W dniu 16 września 2008 r. SFP złożyło do Sądu Okręgowego w Warszawie odwołanie od wspomnianej decyzji Prezesa UOKiK. W przekonaniu SFP zaskarżona decyzja została oparta na błędnych ustaleniach faktycznych, błędnym skonstruowaniu tzw. rynku właściwego i błędnym przyjęciu istnienia konkurencji pomiędzy ZAiKS-em a SFP. Według SFP ustalenia Prezesa UOKiK dotyczące stanu faktycznego, jaki i stanu prawnego są niepoprawne, wprowadzają wiele niejasności i cechuje je brak spójności, co uniemożliwia prawidłową ocenę zawartego pomiędzy obiema organizacjami zbiorowego zarządu (OZZ) Porozumienia.

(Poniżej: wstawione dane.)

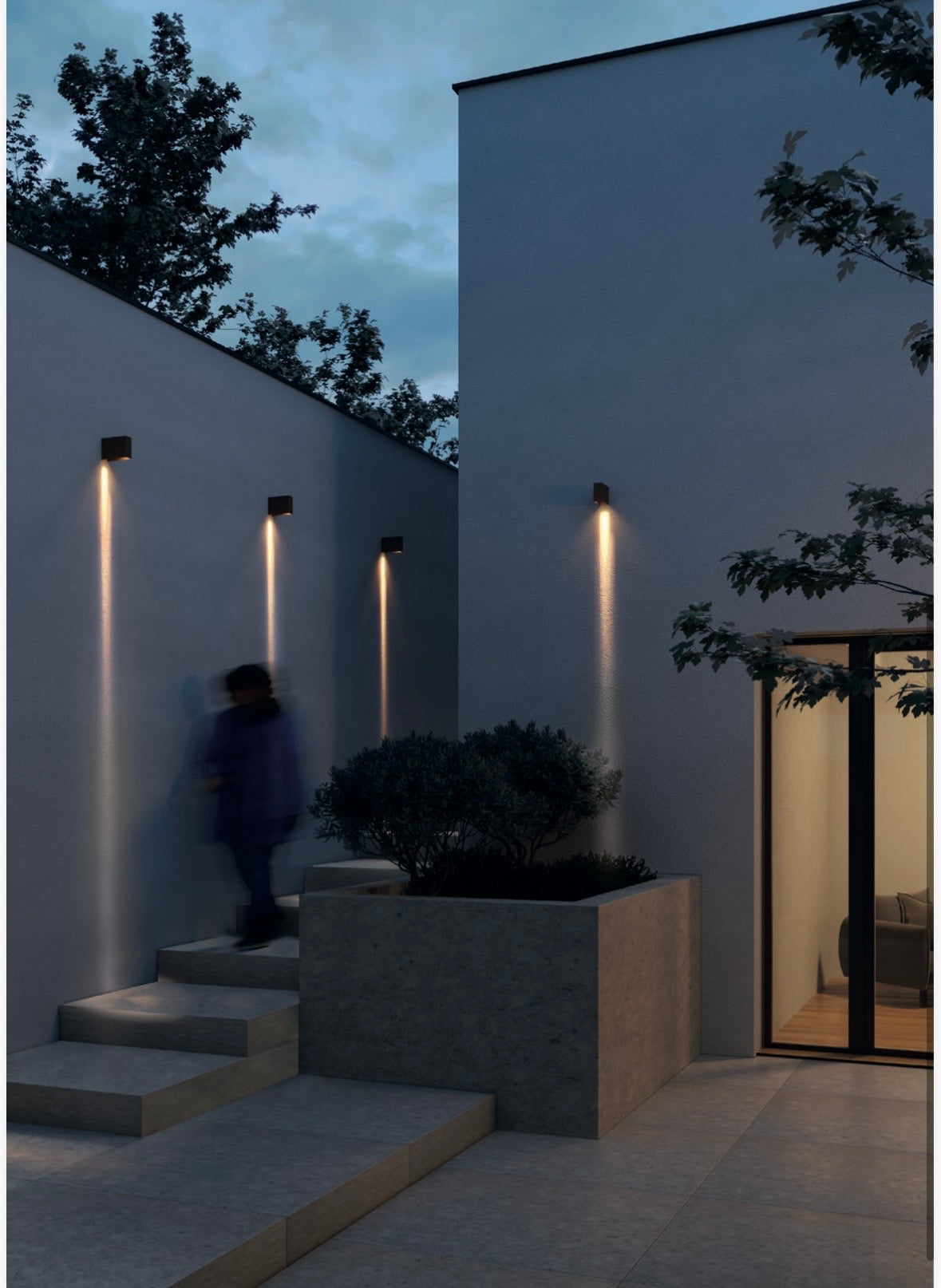 Il paletto/applique Izar è un elemento d'illuminazione versatile e dal design robusto, pensato per integrarsi con eleganza.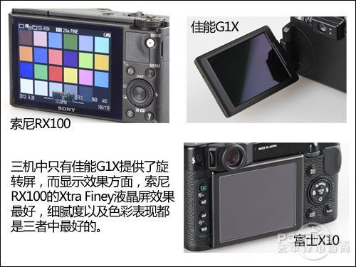 三款产品中,索尼RX100采用Xtra Fine液晶屏,分辨率达到123万,显示效果细腻,且颜色艳丽准确,不过三跨产品中只有佳能G1X配置了旋转屏,牺牲便携性换取的使用便利。

Porozumienie zawarte między ZAIKS-em a SFP nie można uznać za ograniczające konkurencję, przede wszystkim z uwagi na fakt, że:
1) W odniesieniu do krajowego rynku zbiorowego zarządzania prawami autorskimi do utworów audiowizualnych, Prezes UOKiK opiera się na błędnym założeniu, że pomiędzy Stowarzyszeniem Filmowców Polskich a Stowarzyszeniem Autorów ZAiKS dochodzi do konkurencji. Nie ma rzeczywistej konkurencji i nie ma nawet możliwości powstania takiej konkurencji. Jeśli zaś brak takiej konkurencji, to nie sposób wykazać, że zawarte Porozumienie doprowadziło do ograniczenia konkurencji między OZZ. Nie może być mowy o konkurencji pomiędzy ZAiKS-em a SFP, bo reprezentują inne kategorie współtwórców utworów audiowizualnych, co wynika bezpośrednio z zezwoleń udzielonych obu organizacjom przez MKiDN, jak również zostało potwierdzone licznymi orzeczeniami sądowymi. Wspólne natomiast jest to, że obie organizacje działają równocześnie na dwóch płaszczyznach - relacjach: 1) OZZ - twórca (uprawniony) oraz 2) OZZ - użytkownik. W relacji z twórcą OZZ jest obowiązana czynić starania w celu maksymalizacji wynagrodzenia dochodzonego na rzecz takiego twórcy, co może jedynie czynić przez kształtowanie odpowiednio wysokich stawek tego wynagrodzenia. W stosunku do użytkowników istnieją dążenia przeciwne - zmierzające do obniżenia wysokości stawek. W uzasadnieniu zaskarżonej decyzji UOKiK nie dostrzega tych oczywistych zależności czyniąc obu stowarzyszeniom zarzut "wykorzystania" użytkowników z powodu pozbawienia ich możliwości negocjacji niższych stawek, jednocześnie czyniąc kolejny zarzut sprawowania wobec twórców zarządu w sposób niewłaściwy.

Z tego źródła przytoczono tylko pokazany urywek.